SLANG AND CULTURE
The book Slang and culture provides a comprehensive description of Russian slang as a cultural phenomenon. The opposition of normative (“literary”) language and non-normative (“non-standard”) one is traditional for Russian linguistics, the former being normally associated with high culture and the latter with various subcultures. All these phenomena are described separately although their relation is obvious.

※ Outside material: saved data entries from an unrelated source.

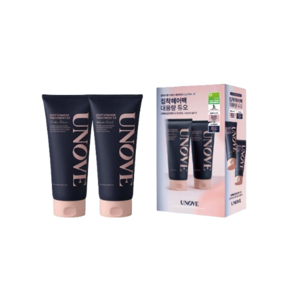 UNOVE Deep Damage Hair Treatment EX is a nourishing and restorative treatment designed to repair and strengthen damaged hair. Infused with Tender Bloom and Warm Petal extracts, it helps restore moisture, reduce breakage, and enhance shine. The rich, creamy formula penetrates deeply to smooth split ends and leave hair soft, silky, and manageable. This special set includes two 320ml treatments in Tender Bloom and Warm Petal variants for complete hair care.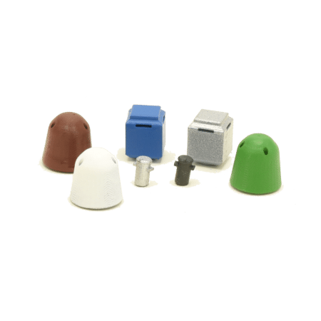 Das Set besteht aus drei lackierten Containern in den Farben Weiß, Grün und Braun. Jeder Container hat einen Durchmesser von etwa 10 mm und ist 11 mm hoch. Am oberen Rand sind drei kleine Löcher eingelassen, durch die du das Altglas einwerfen kannst. Die Container sind in dieser Form typisch für die Epochen IV und V. Heutzutage werden sie oft durch viereckige Metallversionen ersetzt, aber mit diesem Set kannst du die vergangenen Zeiten zum Leben erwecken.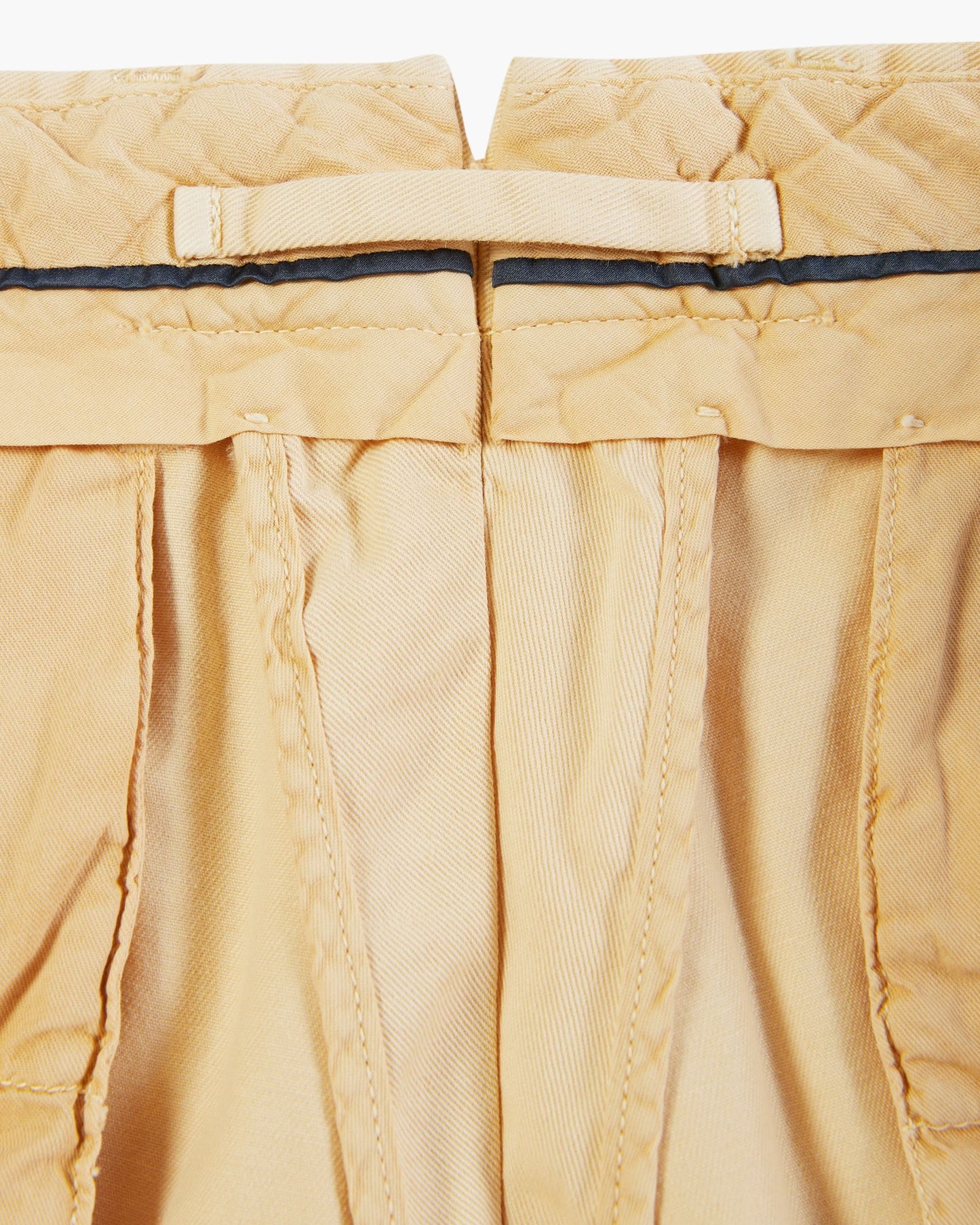 An expression of avant-garde and technical refinement, these trousers encapsulate the best of the brand's responsible range. The fabric used is an organic cotton that is produced through a certified process that ensures worker safety, respect for the environment and minimal use of harmful chemicals at all stages of production. In addition, the dyeing process is carried out through the use of natural powders, which are extracted from minerals and sediments. The model is a continuation in our range, a tapered fit characterised by clean lines and timeless style.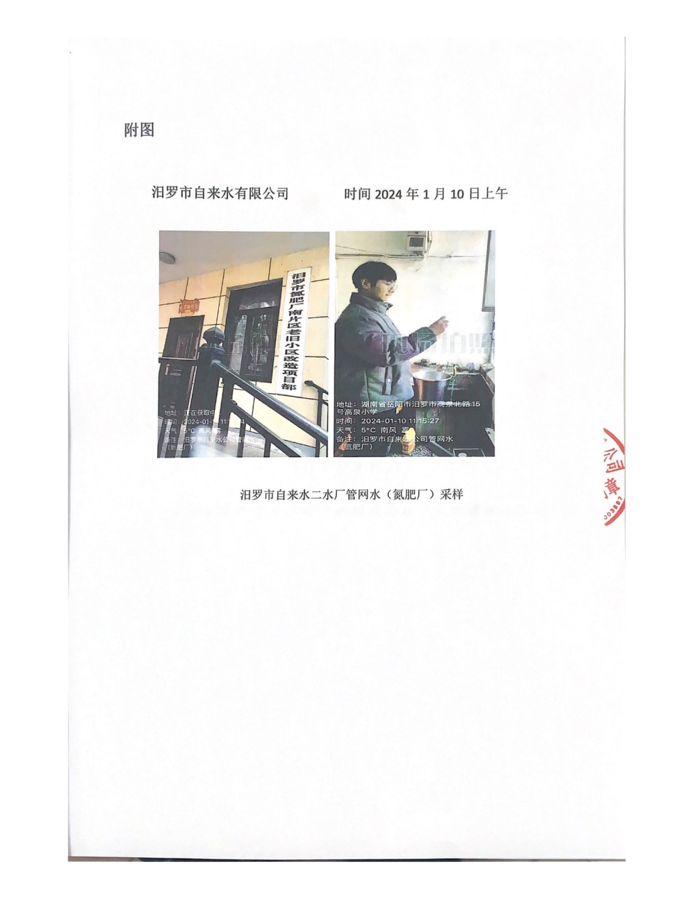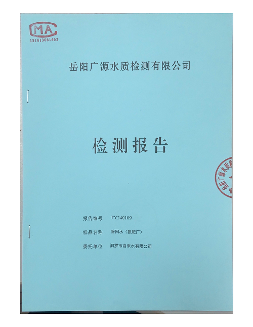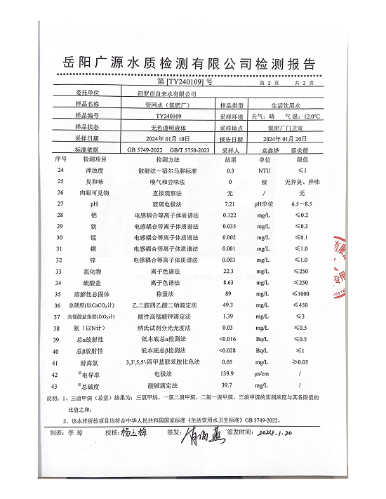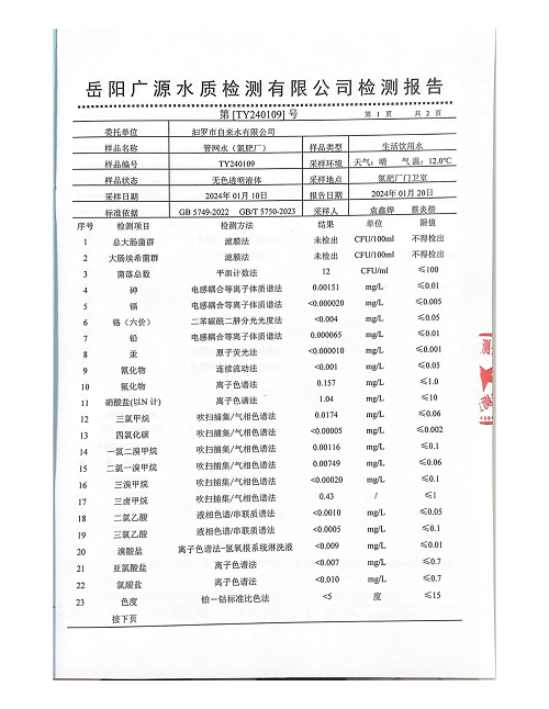 2024年1月份汨罗市自来水有限公司管网水(氮肥厂)质检月报表 (图)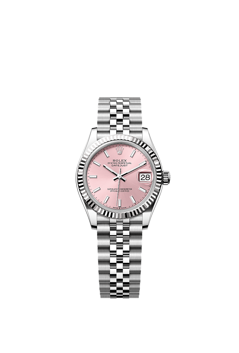 Bu Oystersteel çelik ve beyaz altın Oyster Perpetual Datejust 31, pembe kadrana ve Jubilee bileziğe sahiptir.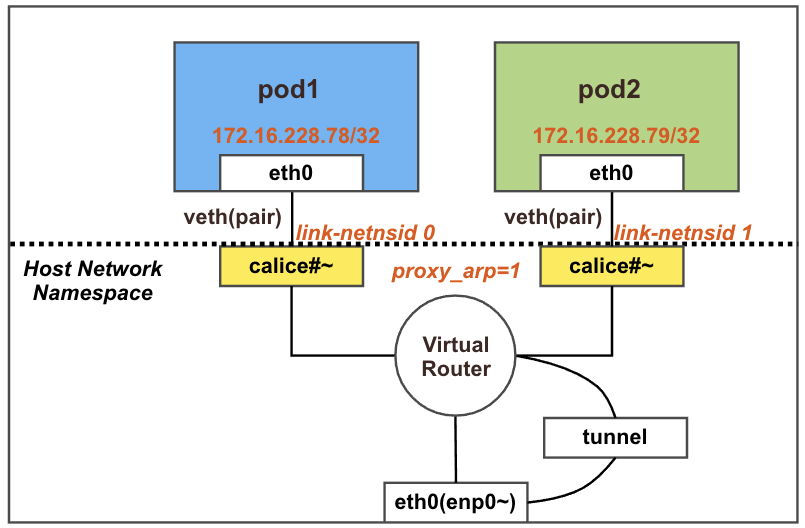 네트워크 엔지니어가 아니므로 정확한 정보가 아니지만.. 마치 nginx(리버시 프록시)처럼 calico가 arp 프로토콜을 이용하여 모든 내부통신을 calico를 거쳐가게 하는 것 같습니다.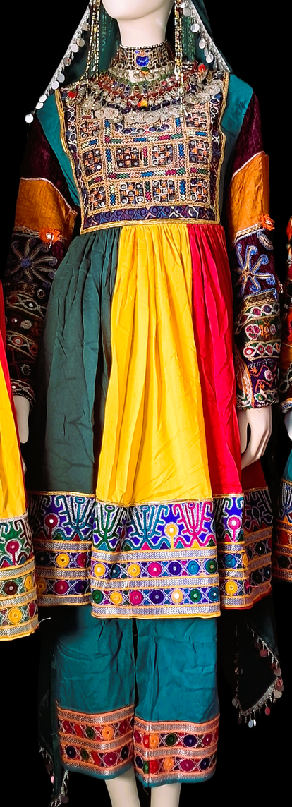Denne unike afghanske kjolen er et ekte blikkfang, rikt dekorert med håndbroderi, speilarbeid og tradisjonelle detaljer. Den harmoniske kombinasjonen av grønt, gult og rødt gir et kraftfullt og elegant uttrykk. Kjolen leveres med matchende bukse og slør for et komplett, autentisk antrekk.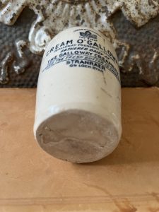 Offering this Antique Earthenware Galloway Preserved Cream Stoneware Pot, Stranraer on Loch Ryan, Scotland. Reads: “Gathered Daily at the Galloway Creamery Where the Fresh Butter is Churned.” Fresh cream without preservatives was recommended for children and invalids. The pot is in very good overall condition with one chip on the. a k inside rim.

Introduction. The analysis of slang is based on naturally occurring language data presented by the author in his Dictionary of Moscow slang (published in Moscow in 1994, and containing approximately 8000 words and 3000 idioms). This material dates from the 1980s and early 1990s. The introduction offers a brief overview of works on Russian slang (by Larine, Polivanov, Likhatchev, Zirmunskij, Straten, Baudouin de Courtenay, and Bondaletov etc.). These authors used different terms, ‘argot’, ‘jargon’, ‘slang’, and ‘social dialect’, to refer to slang. Finding the optimal term is still problematic: the term ‘slang’ is used in this book as a working solution. The terminological problem is connected to the question of the essence and philosophy of slang. The majority of linguistic works about this phenomenon touches only upon some of its aspects like word formation, lexical metaphors, and the borrowing of slang words from other languages etc. Instead, a complex analysis of slang is necessary which presents it as a part of language and of culture at the same time.
I. Slang as a cultural phenomenon. Slang as a part of culture. This chapter treats the dynamics of the development of slang. Slang is a universal fact of culture. We can find the equivalents of modern slang in the Antiquity, in the Middle Ages, and in the modern era. All slang passes through the same developmental cycles.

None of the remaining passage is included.